20 Kasım 2008 Perşembe

Millî takımın Avusturya maçı

Avusturya deplasmanında ilk yarıda organize olmakta zorlanan, topu rakip yarı alanda tutamayan, rakibin presi ve organize atakları karşısında da aciz bir millî takım seyrettik. Ama devrenin sonlarında iki yaratıcı golle bir anda devreyi önde bitirdik. Elbette ikinci yarıda maç bu skor doğrultusunda seyretti. Eksiklerimiz çoktu, ama rakibin eksikleri çok daha etki etti futbollarına; bunu kabul etmemiz lâzım.

Bizim açımızdan Terim'in deneme tahtasına dönen takımımızda yine arayışlar açısından ilginç bir maçtı. Sabri-Gökhan Gönül ikilisi ilk kez birlikte oynadılar ve çok kötü bir görüntüleri yoktu. Ama yine de beyhude bir arayış ve saçmalama bence bu.

Eren Güngör için daha sezon başındaki Süper Kupa finalinden sonra görüşlerimi yazmıştım. "Aydın yok diye oynuyor ama Kafkas'ın Aydın dönünce de Ali'nin yerine Eren'i oynatmaya devam etmesi gerekir" demiştim (bkz: Abdullah ve Eren). Bu ülkenin maya olarak kesinlikle en iyi stoperi Eren ve mesela Fener'in Edu yerine mutlaka bu oyuncuyu alması gerektiğini düşünüyorum. Terim 3 ay sonra nihayet keşfetti bu çocuğu, şimdi yine o yarattı denecek. İnsanların kendi körlüklerine aldırmadan, Terim'i de putlaştırmak adına böyle saçmalıklara imza atmasına alıştık, o yüzden geçelim.

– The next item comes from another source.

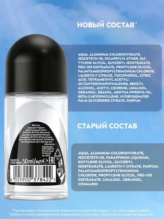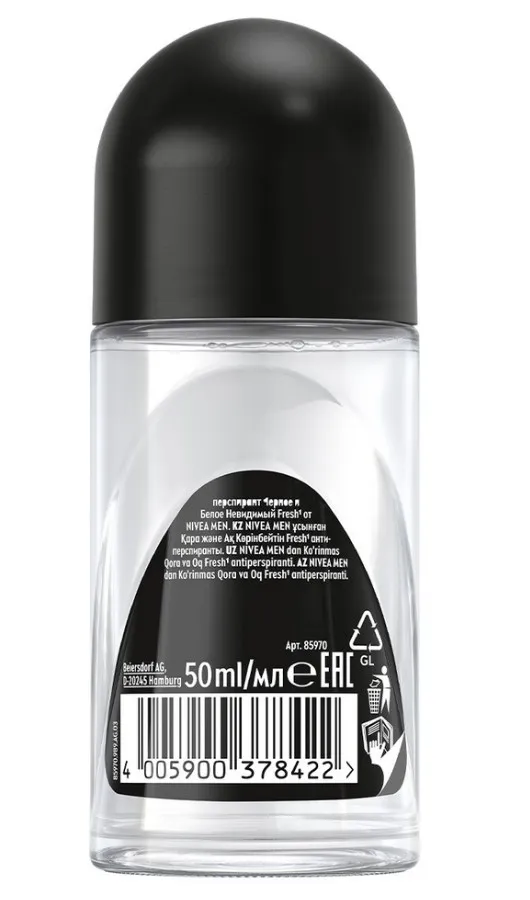 Шариковый дезодорант-антиперспирант Черное и Белое Невидимый Fresh' от NIVEA MEN со свежим мужественным ароматом не оставляет белых следов на черной одежде и предотвращает появление желтых пятен на белой одежде. Черная одежда остается черной, а белая одежда дольше остается белой. Уникальная в ассортименте бренда формула имеет 5 факторов защиты от: запаха, пота, пятен, следов и раздражения. Защищает кожу подмышек от неприятного запаха в течение 72 часов*. Не содержит этилового спирта. Дерматологически протестировано. Экономичный расход: шариковый антиперспирант даёт в 2 раза больше применений, чем спрей!**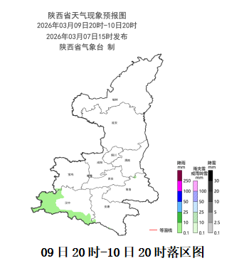 3月9日 20时- 3月10日 20时: 全省好天间多云。陕南西部有小雨(0~1毫米)。

Mehmet Yıldız'ın Semih'ten sonra en iyi ikinci santrforumuz olduğunu düşünüyorum ama dünkü performansı hayal kırıcıydı. Büyük takımlarda, üst düzey futbolda, uluslararası arenada yapamayacağını savunanlar bir nebze olsun haklı göründü ama Mehmet'e bu şansları üst üste birkaç maç vermeden kesin sonuca varmamak gerekir bence. Sırtı dönük bu kadar iyi oynayan bir adamı Avrupa liglerinde bile bulmak kolay değil çünkü.

Tuncay ise Fenerlilerin yüreğinde delikler açmaya devam ediyor. İngiltere'ye gittiği zaman asla ve asla harcanıp döneceğini düşünmemiş, bilakis oradan 4 büyüklerden birine zıplayacağını savunmuştum. Şimdi o dönem giderek yaklaşıyor. Tuncay da dünya çapında bir oyuncu olmaya doğru adım adım ilerliyor.